В последнее время ему почему-то виделась девушка в белом. Платье было длинное, роскошное, но на подвенечное не похоже, на ногах – белые же туфли. Волосы черные и тоже длинные, заплетены в толстую, похожую на канат, косу. В волосах что-то блестит, какая-то брошь вроде крылышек бабочки или чего-то подобного. Девушка улыбается, машет рукой, будто прощается, и постепенно исчезает – просто тает в тумане. Зато вместо нее появляется Нечто. У старика до сих пор не было никаких мыслей относительно персоны этого второго типа, а так хотелось узнать, что означает видение. Спросить у кого-нибудь – сочтут сумасшедшим и решат, что чудаковатый ветеран всех мировых войн и чуть ли не соратник Багратиона вечерами балуется травкой.

Хотя кто здесь помнит о его существовании?

Этот второй был невысоким, почти маленьким типом самой омерзительной наружности. Круглое личико его отливало желтизной, во рту не хватало половины зубов, вместо ушей висели два изрядно пожеванных пельменя.
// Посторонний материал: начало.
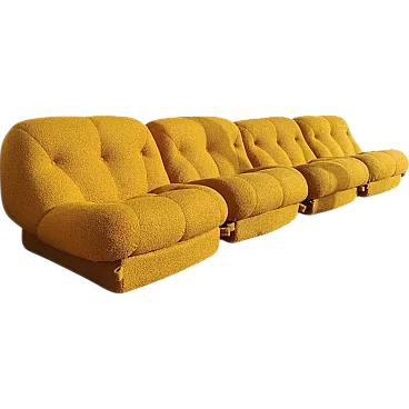 Set of 4 "Nuvolone" armchairs by Rino Maturi for Mimo Leone & Co., Italy, 1970s This splendid set of four "cloud" modular armchairs, designed by Rino Maturi for Mimo Leone & Co. in the 70s, embodied the best of the Italian design Space Age and Mid-Century Modern. Equipped with a boulé mustard bouclé tissue, these chairs offer exceptional comfort and bold aesthetic. The original plastic base maintains its authentic vintage charm, with small signs of wear due to time. This versatile system of sessions can be arranged as a single armchairs or combined without continuity to create a low four -seater sofa, which makes it a perfect choice for modern, eclectic and retro interiors. Dimensions: Height: 70 cm (27.56 inches) Width: 95 cm (37.41 inches) Depth: 95 cm (37.41 inches) Sit height: 35 cm (13.78 inches) In excellent condition, with restored and light wear clash on the basis consistent with its age. An iconic and rare set, ideal for collectors and design enthusiasts.

Руки до колен, как у обезьяны, ноги кривые… словом, гепатитный Голлум. Почему он появляется вновь и вновь и что ему нужно, старик не знал, но почему-то подозревал, что «желтый фраер», как он мысленно окрестил его, появляется неспроста. Возможно, он один из тех, кто…

Он не успел додумать. Зазвонил мобильный телефон.

– А, черт!!!

Старик чуть не подпрыгнул в своем кресле. Он посмотрел в окно. Солнце исчезло, на пустырь опустилась непроглядная ночь.

Телефон бился в конвульсиях в кармане халата, заливаясь звонким детским смехом. Когда-то этот звоночек старика забавлял, а сейчас звучал зловеще.

– Заткнись, сволочь! Ну, кто там еще?

Он осекся. На светящемся нежно-голубом дисплее красовалась надпись: «Номер не определен». Несколько секунд он просто держал трубку в руках, глядя на дисплей в надежде, что у таинственного абонента лопнет терпение. Но тот не унимался.

– Господи, ну что тебе?

Он вздохнул и нажал кнопку приема вызова.

– Алло, слушаю! Кто в такую рань?! Трубка только молча дышала.

– Алло, говорите, чтоб вам!

Кто-то глубоко вздохнул, затем шепотом произнес: – Да…

– Чего?! – не понял старик. Секундная пауза, затем снова: – Да… да…

Три коротких гудка – и тишина Старик бросил телефон на пол.